Stop letting idle GPUs drain your budget during the experimentation phase.
Machine learning development is expensive, but it doesn’t have to be wasteful. In the typical ML lifecycle, the “experimentation, dev, and test” stages are notorious for low GPU utilization. WoolyAI’s hypervisor software transforms this inefficiency, allowing you to run 3x more prototypes and experiments on your existing infrastructure.
The Hidden Cost in the ML Lifecycle
The typical experimentation lifecycle consists of four phases. While production (Phase 4) is usually optimized, Phases 1–3 are where your GPU resources go to die.
1. Prototyping (Local/Sandbox)
- The Workflow: Data scientists use Jupyter notebooks or small Python scripts for quick iterations on single GPUs.
- The Waste: Long idle times while coding or thinking, yet the GPU remains locked.
2. Small-Scale Experiments
- The Workflow: Moving from notebooks to reproducible pipelines for ablation studies, hyperparameter optimization (HPO), and model variants.

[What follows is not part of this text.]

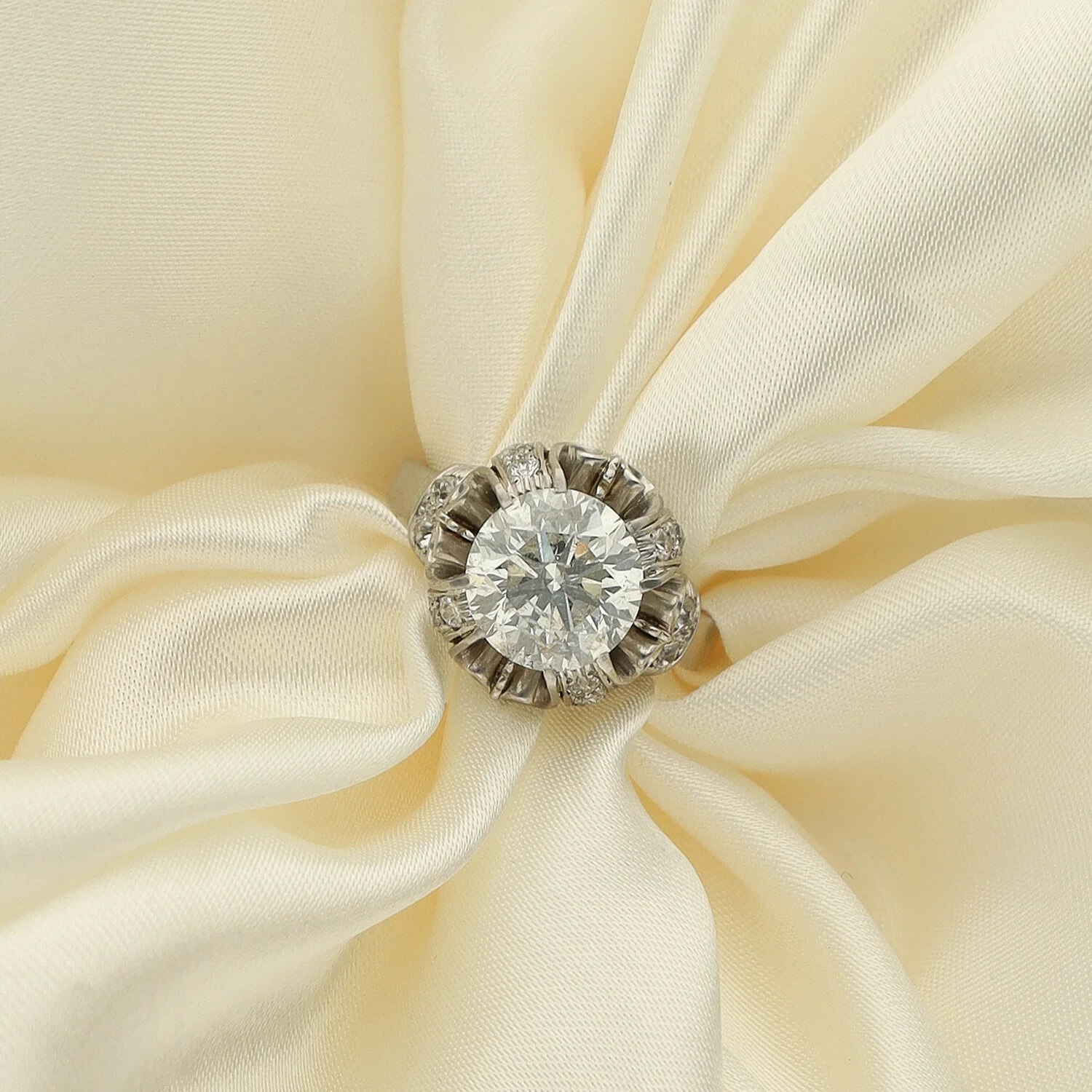 En el centro, un imponente diamante natural de 4.02 ct, talla redonda, en color H y pureza P1, brilla con fuerza y carácter.

- The Waste: Running many small jobs (1–4 GPUs) that are spiky and short-lived, leaving unused compute cycles.
3. Pre-Production / “Canary” Training
- The Workflow: Near-production scale runs with larger datasets and strong logging.
- The Waste: Dedicating massive resources to experimental runs that don’t always need 100% of the allocated capacity.
4. Production Evaluation (A/B Testing)
- Note: This phase is typically fully deployed and optimized.
The Infrastructure Bottleneck
The Problem: During experimentation, you run many small-to-medium jobs. These jobs have variable GPU demands, short runtimes, and spiky usage.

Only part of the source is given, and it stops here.